▸ PROBLEM TO SOLVE: Write out again the lines from the line with "서울스프링페스타는 봄의 시작을" up to and including the line with "熱烈祝賀新華機(jī)械順利", exactly as they stand below, and skip any picture.

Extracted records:
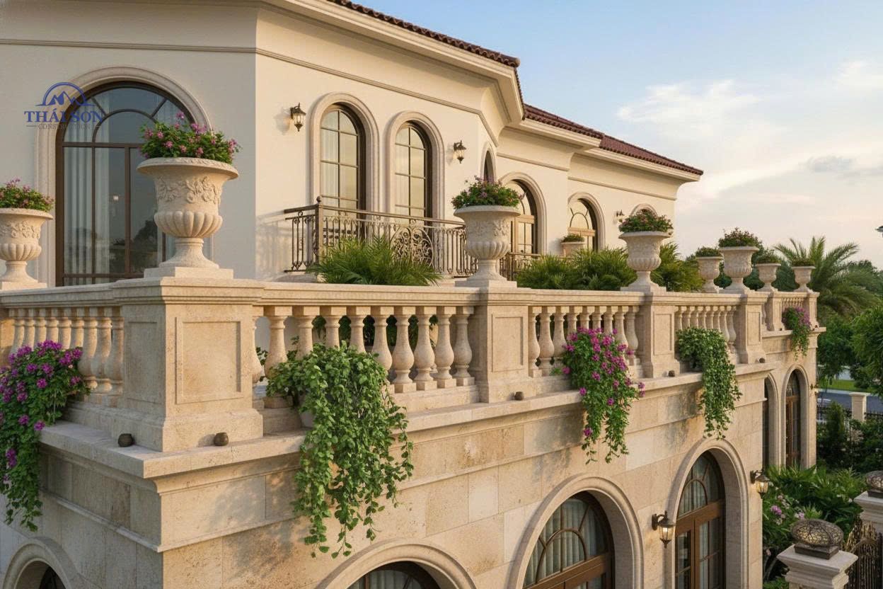 • Hệ cột lớn, vòm cong, ban công cân đối
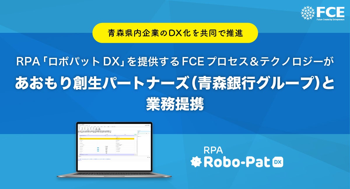 RPA「ロボパットDX」を提供するFCEプロセス&テクノロジーがあおもり創生パートナーズ(青森銀行グループ)と業務提携~青森県内企業のDX化を共同で推進~
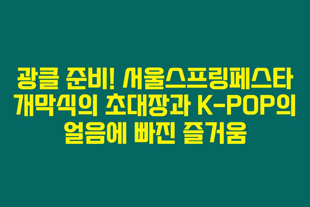 서울스프링페스타는 봄의 시작을 알리는 멋진 축제가 될 거예요. 이 즐거운 시간을 함께 나누고 싶다면, 예매를 서두르세요! K-POP과 함께하는 환상적인 경험을 놓치지 마세요.
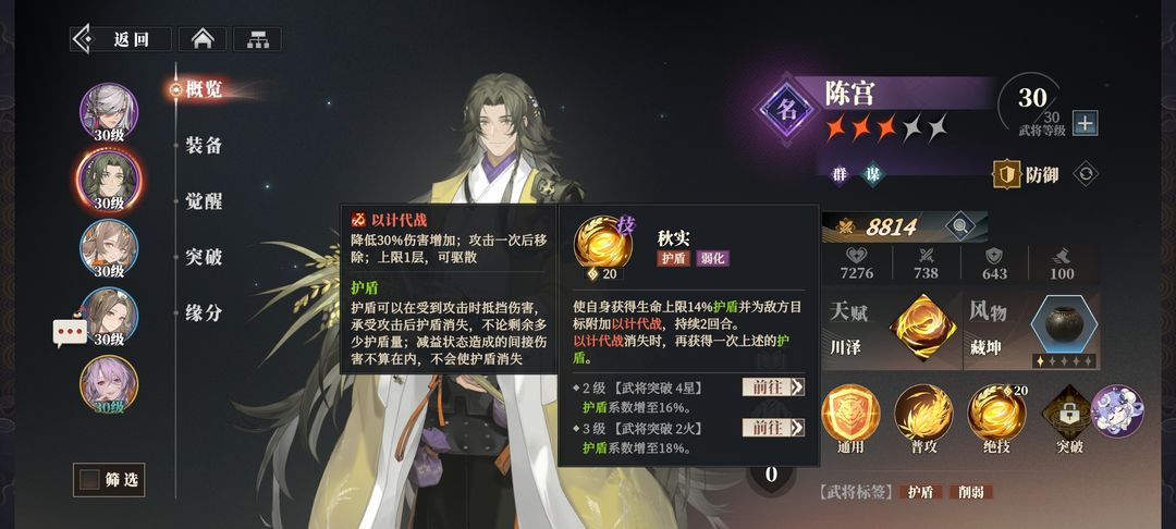核心角色为周瑜与陆逊。周瑜需要优先解锁至一阶突破,开启关键突破技,该技能可在结算阶段直接引爆敌方身上的灼烧效果,属于队伍的主要伤害引擎。随后培养陆逊至一阶突破,其效果是在每次行动后为敌方附加灼烧状态,持续强化火伤叠加效率。
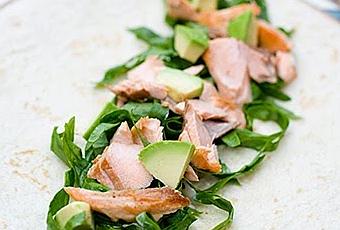 Tortilla Wrap de Salmon y palta : Agreguen espinaca o lechuga , una pisca de sal y limon. El salmón es cocido a la plancha sin nada de aceite y solo necesitas 80grs . Otra opción es atún de lata en agua y bajo en sodio y le pueden agregar tomate en cuadritos, la verán en el siguiente wrap, delicioso!!
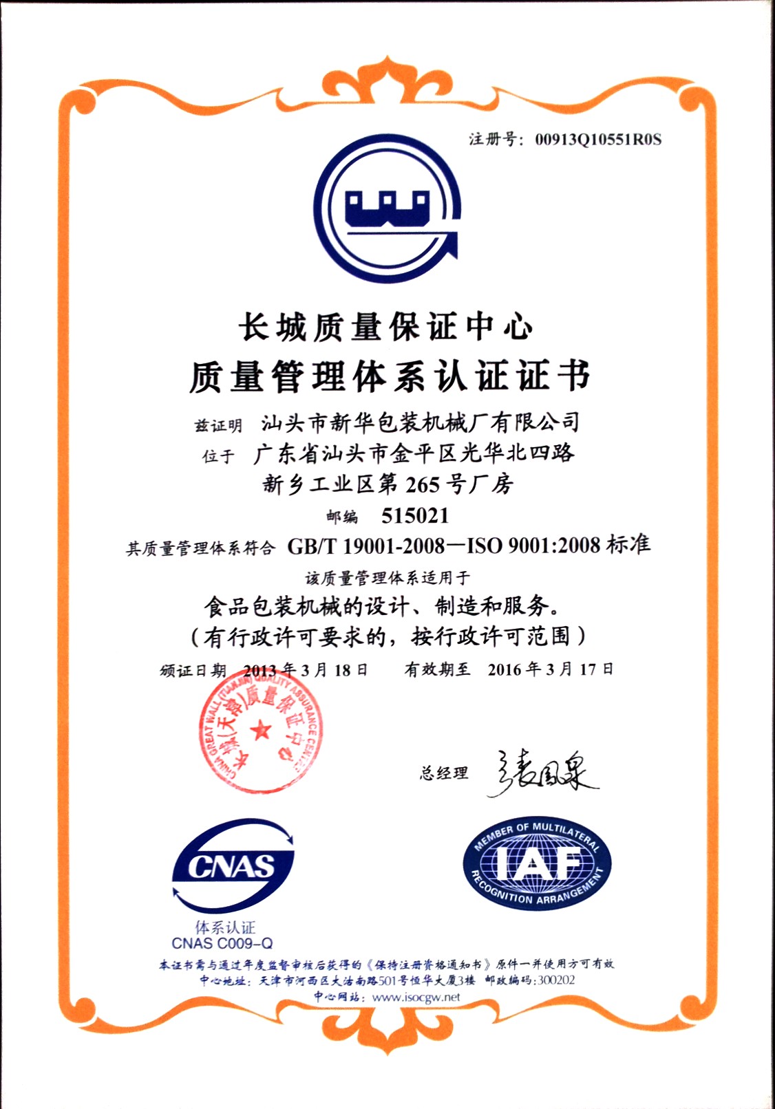 熱烈祝賀新華機(jī)械順利通過(guò)ISO9001:2008質(zhì)量管理體系認(rèn)證
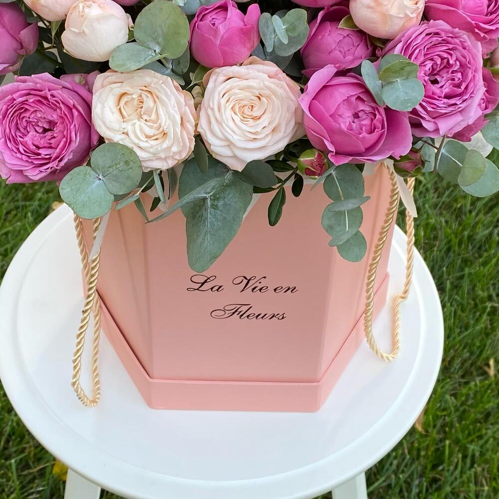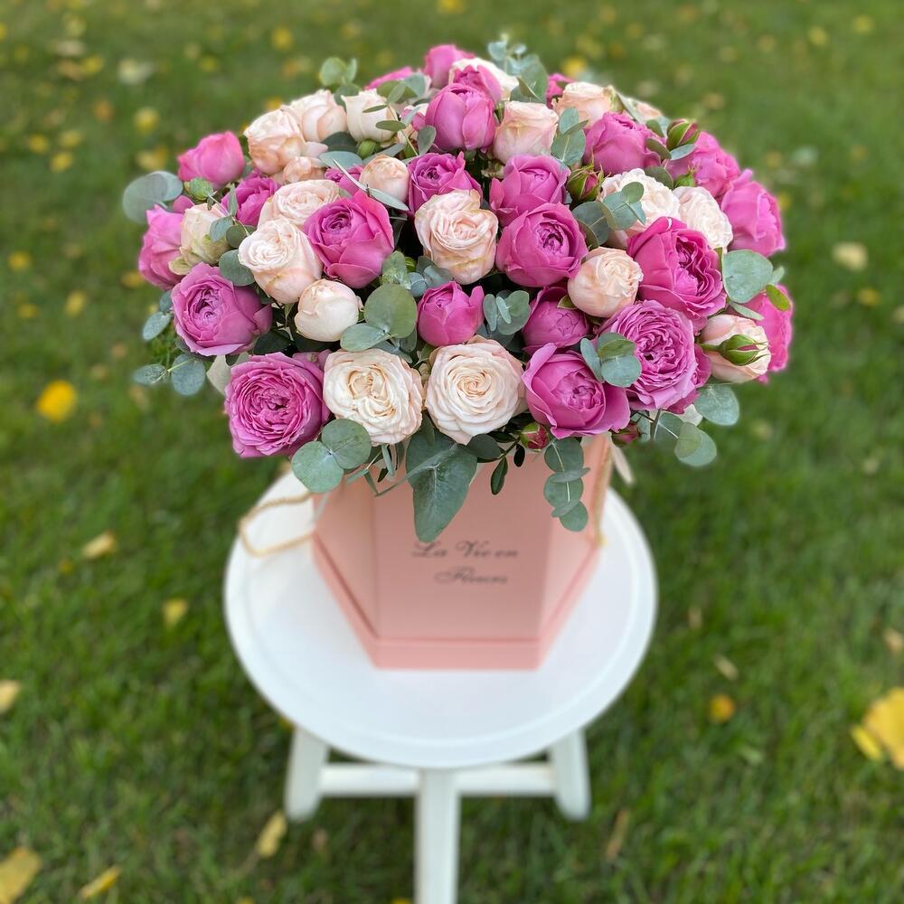 Роскошная коробка пионовидных роз , покорит своим ароматом и красотой даже самую избалованную девушку 😉Каждый бутончик как пион , распускает свои лепестки , и наполняет комнату ароматом 🌿 Элегантно,престижно и роскошно👑

▸ WORKED SOLUTION:
 서울스프링페스타는 봄의 시작을 알리는 멋진 축제가 될 거예요. 이 즐거운 시간을 함께 나누고 싶다면, 예매를 서두르세요! K-POP과 함께하는 환상적인 경험을 놓치지 마세요.
核心角色为周瑜与陆逊。周瑜需要优先解锁至一阶突破,开启关键突破技,该技能可在结算阶段直接引爆敌方身上的灼烧效果,属于队伍的主要伤害引擎。随后培养陆逊至一阶突破,其效果是在每次行动后为敌方附加灼烧状态,持续强化火伤叠加效率。
 Tortilla Wrap de Salmon y palta : Agreguen espinaca o lechuga , una pisca de sal y limon. El salmón es cocido a la plancha sin nada de aceite y solo necesitas 80grs . Otra opción es atún de lata en agua y bajo en sodio y le pueden agregar tomate en cuadritos, la verán en el siguiente wrap, delicioso!!
 熱烈祝賀新華機(jī)械順利通過(guò)ISO9001:2008質(zhì)量管理體系認(rèn)證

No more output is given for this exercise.